I like this article because it shows you can help bring down tyrants without having a huge military budget
MAGAZINE: FEATURE
People Power 2.0
How civilians helped win the Libyan information war.
- MAY/JUNE 2012
- BY JOHN POLLOCK

The force of laughter: Graffiti on a wall in Tripoli represents the Libyan leader, Colonel Qadaffi, as a fleeing rat. Credit: John Pollock
After weeks of skirmishes in the Nafusa Mountains southwest of Tripoli, Sifaw Twawa and his brigade of freedom fighters are at a standstill. It’s a mid-April night in 2011, and Twawa’s men are frightened. Lightly armed and hidden only by trees, they are a stone’s throw from one of four Grad 122-millimeter multiple-rocket launchers laying down a barrage on Yefren, their besieged hometown. These weapons can fire up to 40 unguided rockets in 20 seconds. Each round carries a high-explosive fragmentation warhead weighing 40 pounds. They urgently need to know how to deal with this, or they will have to pull back. Twawa’s cell phone rings.
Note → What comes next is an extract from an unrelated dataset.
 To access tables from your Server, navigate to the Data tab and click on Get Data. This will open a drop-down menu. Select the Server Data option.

Two friends are on the line, via a Skype conference call. Nureddin Ashammakhi is in Finland, where he heads a research team developing biomaterials technology, and Khalid Hatashe, a medical doctor, is in the United Kingdom. The Qaddafi regime trained Hatashe on Grads during his compulsory military service. He explains that Twawa’s katiba—brigade—is well short of the Grad’s minimum range: at this distance, any rockets fired would shoot past them. Hatashe adds that the launcher can be triggered from several hundred feet away using an electric cable, so the enemy may not be in or near the launch vehicle. Twawa’s men successfully attack the Grad—all because two civilians briefed their leader, over Skype, in a battlefield a continent away.
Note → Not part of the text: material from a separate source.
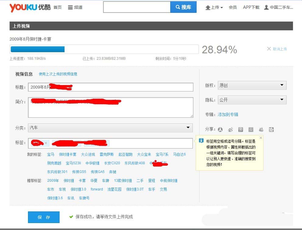 3、上传的时候,我们的视频说明的文字,不要和之前的一样

Indeed, civilians have “rushed the field,” says David Kilcullen, author of The Accidental Guerrilla, a renowned expert on counterinsurgency and a former special advisor to General David Petraeus during the Iraq War. Their communications can now directly affect a military operation’s dynamics. “Information networks,” he says, “will define the future of conflicts.” That future started unfurling when Libyan networks—and a long list of global activists—began an information war against Qaddafi. Thousands of civilians took part, but one of the most important was a man who, to paraphrase Woodrow Wilson, used not only all the brains he had but all the brains he could borrow.
MO BETTER
The war against Qaddafi was fought with global brains, NATO brawn, and Libyan blood. But it took brains and blood to get the brawn. On February 18, three days into the protests that would swell into the successful revolt against the regime, Libya went offline. Internet and cell-phone access was cut or unreliable for the duration, and people used whatever limited connections they could. In Benghazi, Mohammed “Mo” Nabbous realized he had the knowledge and the equipment, from an ISP business he had owned, to lash together a satellite Internet uplink. With supporters shielding his body from potential snipers, Nabbous set up dishes, and nine live webcams, for his online TV channel Libya Alhurra (“Libya the Free”), running 24/7 on Livestream.
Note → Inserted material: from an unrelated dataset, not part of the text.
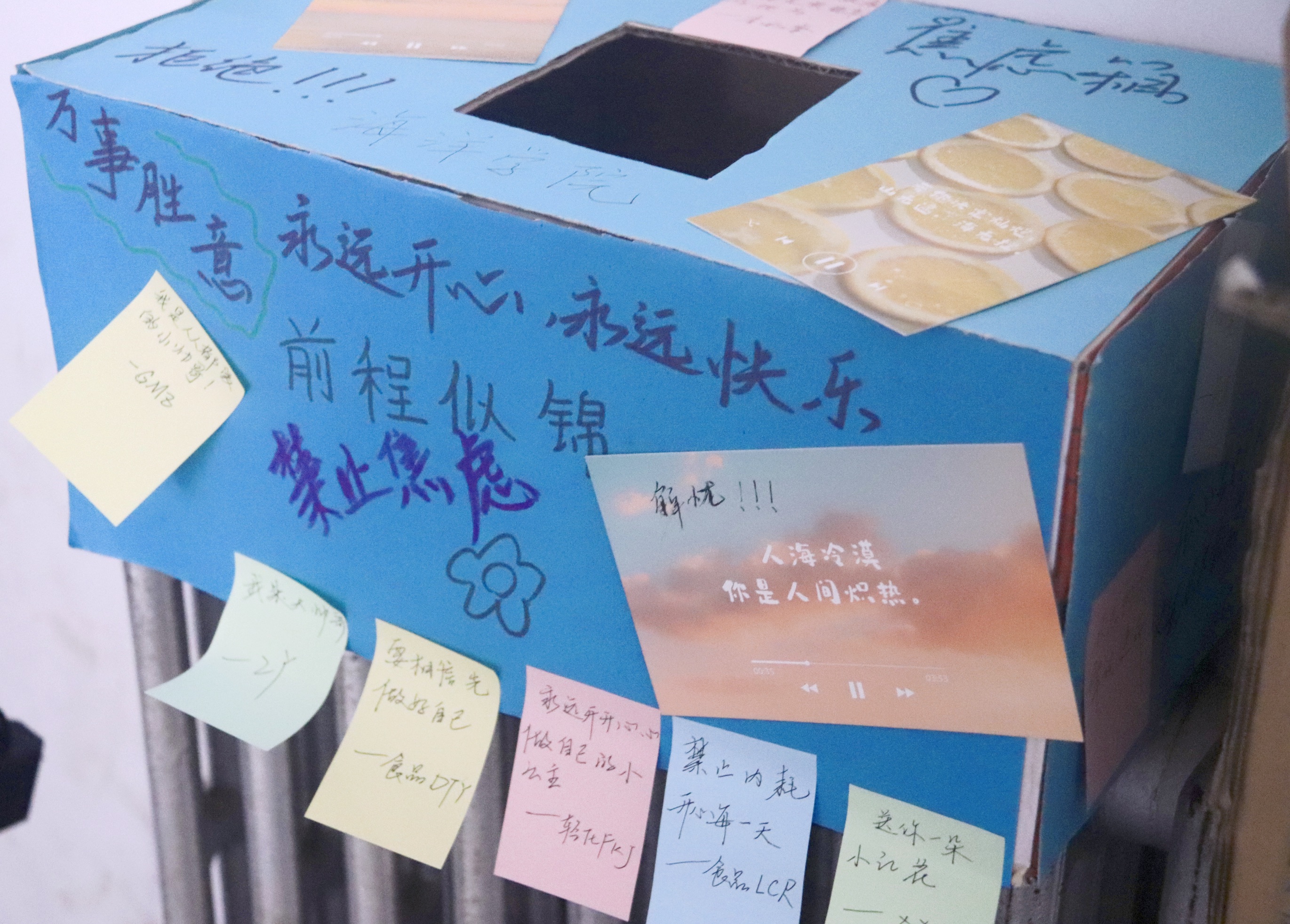 公司组织心理委员及员工会成员在特别制作的KT板上粘贴了众多消极“标签”,并为同学们准备了便利贴,引导同学们用便利贴写下对自己、他人的鼓励话语,来替换消极的自我“标签”。有趣而新颖的活动形式吸引了众多同学驻足参与,当看到展板上贴满带有刻板印象的“标签”时,纷纷表示感同身受并当场撕下,同时留下励志“标签”,鼓励自己,温暖他人,释放心灵,自我激励。

Nabbous had pitched a brightly lit virtual tent in a darkening Libya. As Benghazi descended into fighting that killed hundreds and left thousands injured, he gave interviews to international media outlets such as CNN and the BBC. He also connected with supporters and activists from dozens of countries, among whom a cadre of information warriors soon emerged.
Stephanie Lamy was one. A self-described strategic communications consultant and single mother living in Paris, she was using the Egyptian and Libyan revolutions to explain her work to her nine-year-old daughter. They searched Google and found Libya Alhurra TV; Lamy was hooked. “When I saw the cries for help on Livestream, I knew my skills were just perfect for this situation, and it was my duty to help,” she says. She abandoned her business and started working up to 24 hours a day. It was a situation where “each action counted.”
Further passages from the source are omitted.